**TO DO**
The line holding "В одной из китайских" is the last one to output; start at the first line of the data, keep every line in between exactly, and leave out pictures.

**GIVEN MATERIAL**
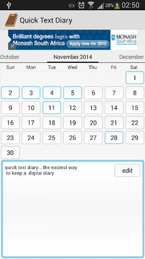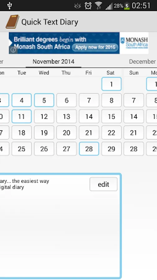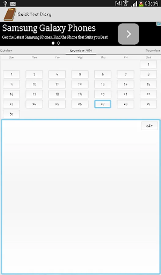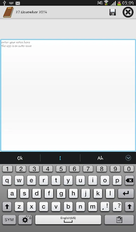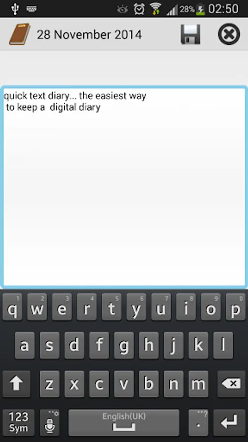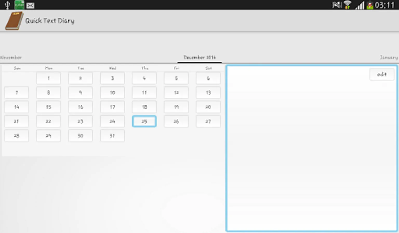 Quick text diary is an easy diary to use because every thing you need is one click way. You diary entries are auto saved.
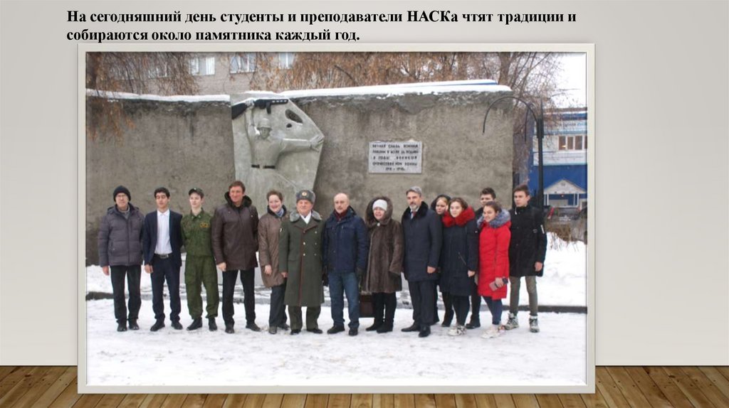 На сегодняшний день студенты и преподаватели НАСКа чтят традиции исобираются около памятника каждый год.
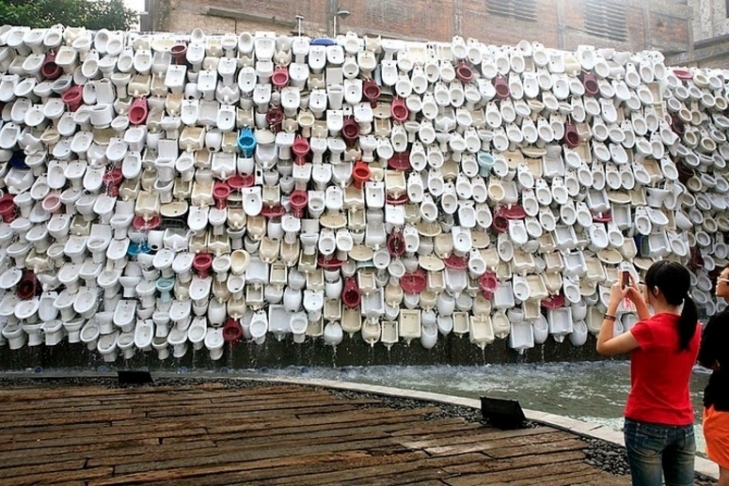 В одной из китайских провинций есть город Фошань. Там находится один из самых странных экземпляров современного стрит-арт искусства - водопад из 10,000 туалетов, раковин и писсуаров. Об этом сообщает ABCnews.
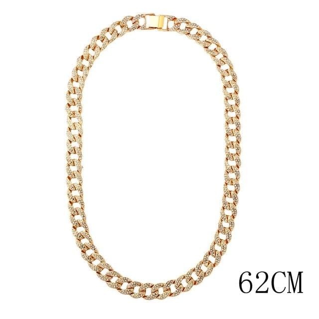 Caraquet Punk Hip Hop Cuban Link Chain Choker Necklace Iced Out Rapper Crystal Necklace Fashion Bling Rhinestone Jewelry Gift

**RESPONSE BELOW**
 Quick text diary is an easy diary to use because every thing you need is one click way. You diary entries are auto saved.
 На сегодняшний день студенты и преподаватели НАСКа чтят традиции исобираются около памятника каждый год.
 В одной из китайских провинций есть город Фошань. Там находится один из самых странных экземпляров современного стрит-арт искусства - водопад из 10,000 туалетов, раковин и писсуаров. Об этом сообщает ABCnews.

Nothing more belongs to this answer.